Purpose: Persistent air leak (PAL) is associated with increased morbidity. Standard treatment of PAL includes chemical or mechanical pleurodesis. Long-term impact of these interventions is not known in the pediatric population. Autologous blood patch (ABP) offers a novel treatment option. We report our experience with autologous blood patch to successfully treat PAL in eight children.
Methods: Children with PAL were treated with ABP. A fresh whole blood sample was obtained from each patient and injected via their pre-existing chest tube. Volume of blood injected, time to cessation of air leak, time to chest tube removal, outcomes and complications were reviewed.
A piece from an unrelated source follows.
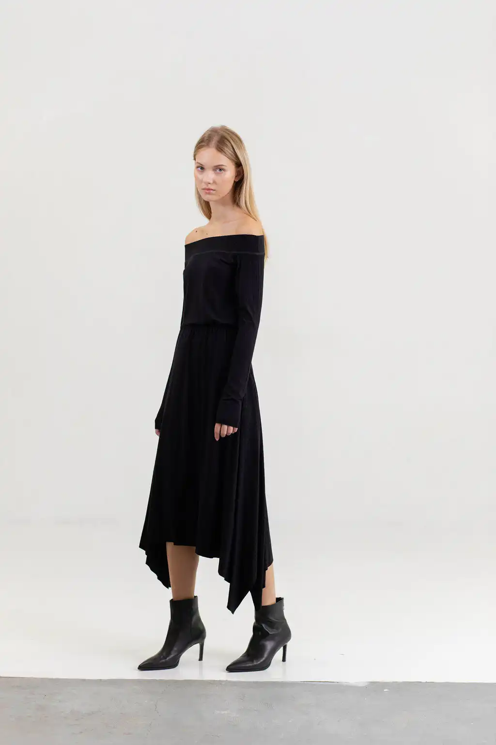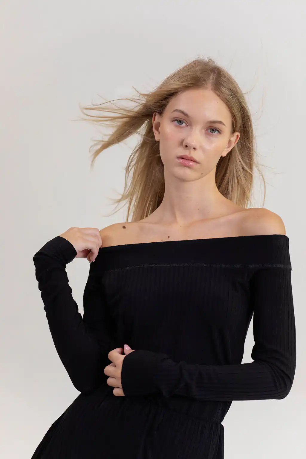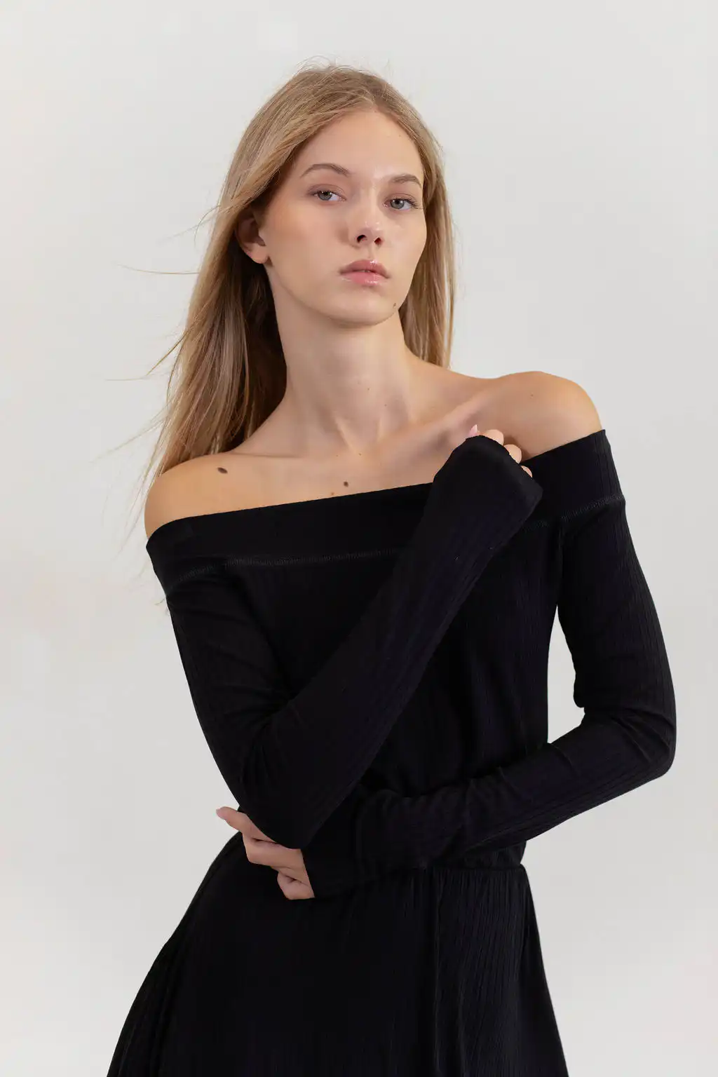 Majica Eloise off shoulder model od pletene viskoze, sa dugim rukavima i ženstvenim krojem koji spaja udobnost i sofisticiranost.

Results: Eight children aged 2 months to 18 years underwent ABP. Three children had immediate seal of air leak, while two patients sealed after 1 and 2 days. Three patients required a second ABP, after which they had immediate seal of air leak. Chest tubes were removed within 2-3 days in 7 cases. One child developed an asymptomatic pneumothorax and required 8 days for radiographic resolution.
Conclusion: ABP appears to be a safe and effective treatment option for PAL in children. ABP offers an inexpensive, easy to perform technique and avoids use of toxic chemicals for pleurodesis in pediatric patients.
Keywords: ABP; Autologous blood patch; PAL; Pediatric; Persistent air leak; autologous blood patch; persistent air leak.